Print the entries exactly as they appear, and omit any images.

**Input data**:
┄┄┄┄┄┄┄┄┄┄┄┄┄┄┄┄┄┄┄┄
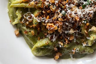 Scallion Walnut Pesto & Scissor Cut Noodles
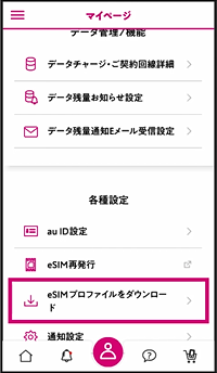 【1】マイページより、「eSIMプロファイルをダウンロード」をタップ
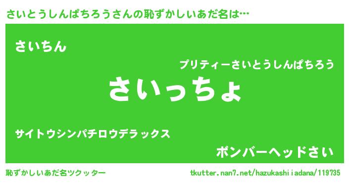 | 意味不明あだ名 | 『さいとうしんぱちろうフォーエバー』 |
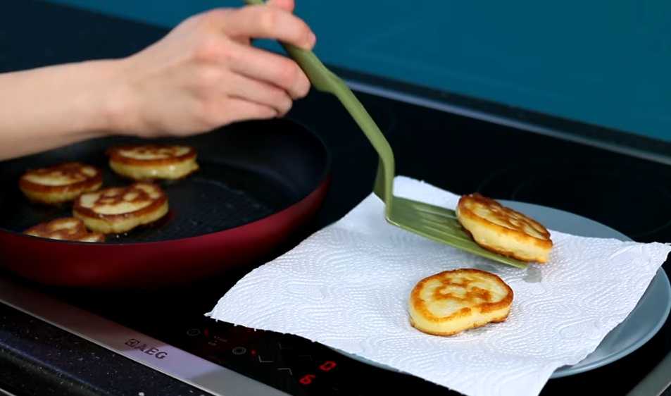 Готовые оладьи выложите на бумажное полотенце или салфетку, так уйдет лишнее масло.
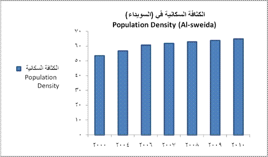 | الكثافة السكانية (نسمة/كم2) | 54 | 57 | 61 | 62 | 63 | 64 | 65 | Population Density ( per km2 ) | |||
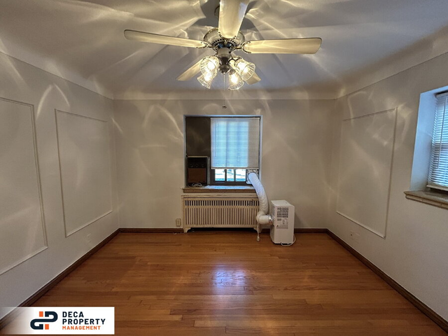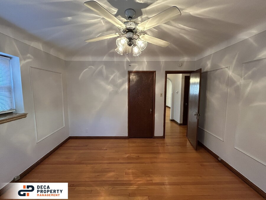 The bedroom is cozy yet spacious, complete with hardwood flooring, a ceiling fan, and plenty of room to relax and unwind.
┄┄┄┄┄┄┄┄┄┄┄┄┄┄┄┄┄┄┄┄
**Response box**:
 Scallion Walnut Pesto & Scissor Cut Noodles
 【1】マイページより、「eSIMプロファイルをダウンロード」をタップ
 | 意味不明あだ名 | 『さいとうしんぱちろうフォーエバー』 |
 Готовые оладьи выложите на бумажное полотенце или салфетку, так уйдет лишнее масло.
 | الكثافة السكانية (نسمة/كم2) | 54 | 57 | 61 | 62 | 63 | 64 | 65 | Population Density ( per km2 ) | |||
 The bedroom is cozy yet spacious, complete with hardwood flooring, a ceiling fan, and plenty of room to relax and unwind.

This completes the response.